On Wed, Jun 03, 2020 at 11:29:36AM +0200, Peter Krempa wrote:
On Wed, Jun 03, 2020 at 11:11:08 +0200, Michal Privoznik wrote:
> On 6/3/20 10:40 AM, Peter Krempa wrote:
> > On Wed, Jun 03, 2020 at 10:27:57 +0200, Michal Privoznik wrote:
> > > On 6/3/20 9:31 AM, Peter Krempa wrote:
> > > > QEMU added the machine types for the 5.1 release so let's update
them.
> > > >
> > > > Other notable changes are 'cpu-throttle-tailslow' migration
property,
> > > > 'zlib' compression for qcow2 images and absrtact socket
support.
> > > >
> > > > Signed-off-by: Peter Krempa <pkrempa(a)redhat.com>
> > > > ---
> > > > As usual, I'll be refreshing this until the release so that we
always
> > > > have fresh capabilities to prevent any surprises with deprecation
and
> > > > big updates.
> > > >
> > > > .../domaincapsdata/qemu_5.1.0-q35.x86_64.xml | 2 +-
> > > > .../domaincapsdata/qemu_5.1.0-tcg.x86_64.xml | 2 +-
> > > > tests/domaincapsdata/qemu_5.1.0.x86_64.xml | 2 +-
> > > > .../caps_5.1.0.x86_64.replies | 357
+++++++++++-------
> > > > .../caps_5.1.0.x86_64.xml | 14 +-
> > > > 5 files changed, 237 insertions(+), 140 deletions(-)
> > >
> > > Reviewed-by: Michal Privoznik <mprivozn(a)redhat.com>
> > >
> > > Maybe we can have another rule that would allow you to push these without
> > > review? I can argue both ways, so I'm just putting it out there.
> >
> > Yeah. I thought about that too.
> >
> > Specifically one thing I'd like to avoid is carelessness in case of the
> > update. Specifically if there is some form of removal (flag being
> > removed and such) we need to be careful and consider the implications.
>
> Well, for that we would need to compare with older capabilities XML and I
> don't think we are doing that. Removal between the same capabilities XML of
I certainly am doing that when generating files after the release to
ensure that we don't regress in anything. Obviously only on the level of
detected capabilities.
> an unreleased QEMU are uncommon. But I hear what you're saying and that's
my
> concern too.
>
> >
> > In this very specific case there's nothing of note and I'd be okay
with
> > just pushing it, but the rules if we wanted to codify it somehow would
> > require to be more nuanced and I don't think I can express all the
> > caveats.
> >
> > That's why I didn't really argue for adding a special rule for this.
> >
> > Also one reason I'm doing periodic upgrades of this is so that others
> > don't have to do it. The problem here is that the output is very much
> > dependent on the machine where you run it and I don't want others to
> > have to update the files when adding a new capability as the difference
> > becomes unreviewable and may even regress depending on how qemu is
> > built.
> >
>
> This is a long known issue and perhaps it would be worth documenting
> somewhere? I think these are QEMU binaries taken from Fedora, is that so?

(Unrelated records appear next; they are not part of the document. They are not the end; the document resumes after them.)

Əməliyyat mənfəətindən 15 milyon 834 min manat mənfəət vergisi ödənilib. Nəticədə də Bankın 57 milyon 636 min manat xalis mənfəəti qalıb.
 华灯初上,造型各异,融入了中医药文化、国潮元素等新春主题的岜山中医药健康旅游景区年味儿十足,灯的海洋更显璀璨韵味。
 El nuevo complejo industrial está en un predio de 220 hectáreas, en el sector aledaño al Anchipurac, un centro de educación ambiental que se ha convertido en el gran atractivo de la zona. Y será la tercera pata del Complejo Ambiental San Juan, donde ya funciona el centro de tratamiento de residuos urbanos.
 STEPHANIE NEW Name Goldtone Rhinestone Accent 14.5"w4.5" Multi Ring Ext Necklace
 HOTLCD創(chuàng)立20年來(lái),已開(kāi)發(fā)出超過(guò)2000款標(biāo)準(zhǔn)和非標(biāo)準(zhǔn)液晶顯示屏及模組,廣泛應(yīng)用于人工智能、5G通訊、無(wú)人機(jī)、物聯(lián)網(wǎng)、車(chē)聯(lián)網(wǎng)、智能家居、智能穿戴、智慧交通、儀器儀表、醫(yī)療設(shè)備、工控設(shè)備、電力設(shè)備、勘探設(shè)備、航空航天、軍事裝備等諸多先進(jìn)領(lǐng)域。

Well. They are built on fedora, but certainly not taken from fedora.
It's built from git.
> Maybe we can document configure arguments for QEMU so that it is
> reproducible.
While I agree that we should do that to take one of the moving parts out
of the equation we still can't do anything about the machine dependance
of the output. Specifically it contains all cpu flags so it really can't
be re-generated reproducibly on a box with even a slightly different
cpu.
Ideally we'd build it with the fedora spec-file, but I got lazy and I'm
usually just re-running configure from my history in this case.

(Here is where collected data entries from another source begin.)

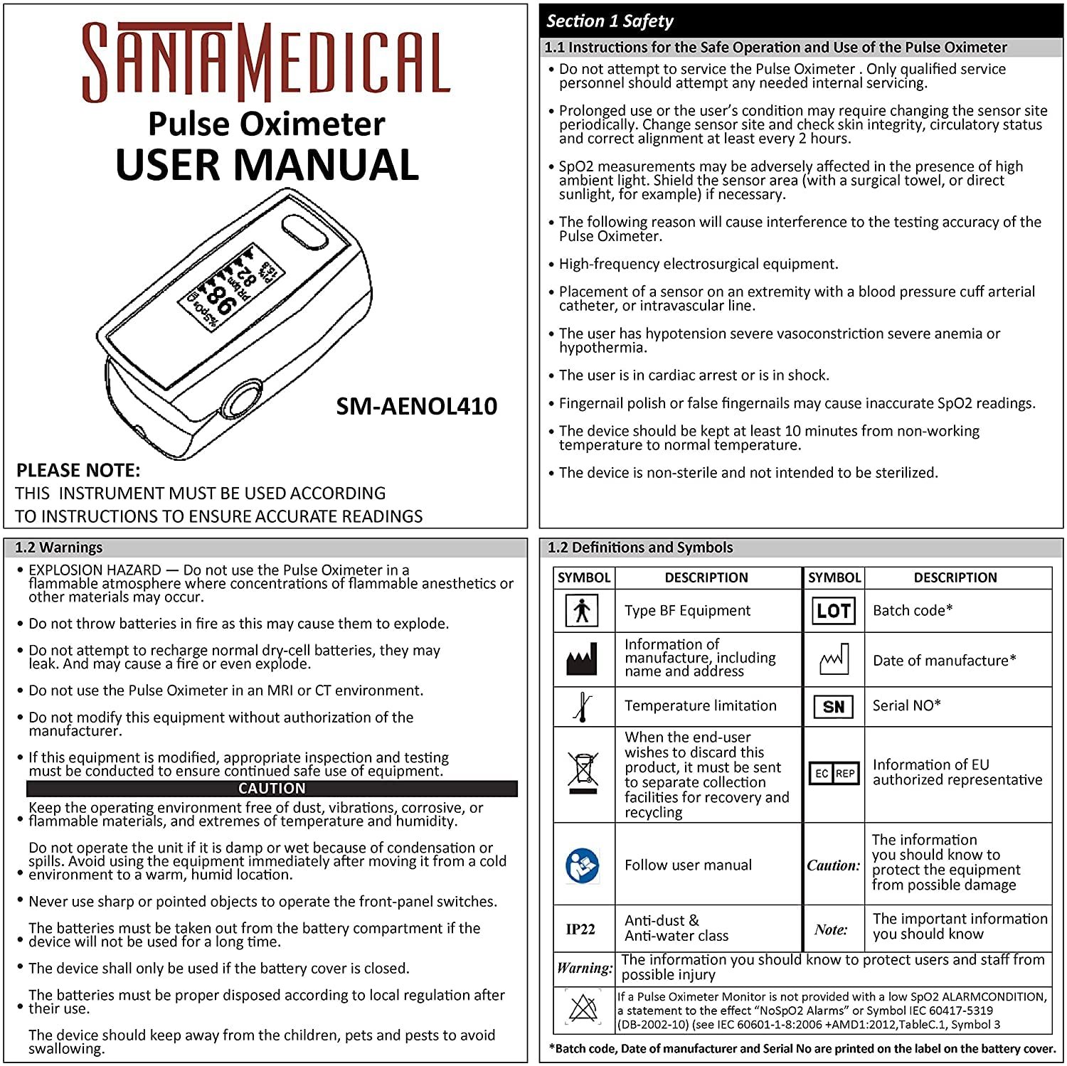 Santamedical Generation 2 Fingertip Pulse Oximeter with Batteries and Lanyard
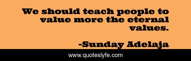 This page presents the quote "We should teach people to value more the eternal values.". Author of this quote is Sunday Adelaja. This quote is about eternal-values, teach, value,.
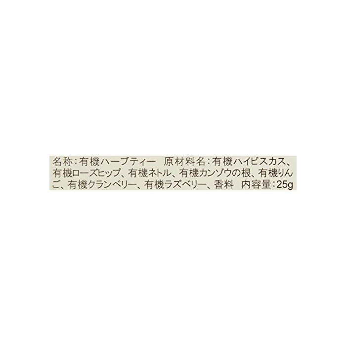 원재료:유기 불상화(Hibiscus),유기 로즈 힙,유기 네《도루》,유기 캔 코끼리의 뿌리,유기 사과,유기 크랜베리,유기《라즈베리》,향료

My only idea how to provide stable output is to create a job on a box
which will periodically re-build qemu and fetch the capabilities and
publish them somewhere so that others could grab those and refresh the
caps themselves, but I can't really think of a way how to enable others
do it on their machine whithout messing up the CPU.
You beat me in the response time wrt reply :). Hmm, how about we add this as a
job to lcitool which controls how virt-install is spawned, that way + an Ansible
playbook you always get a reproducible environment?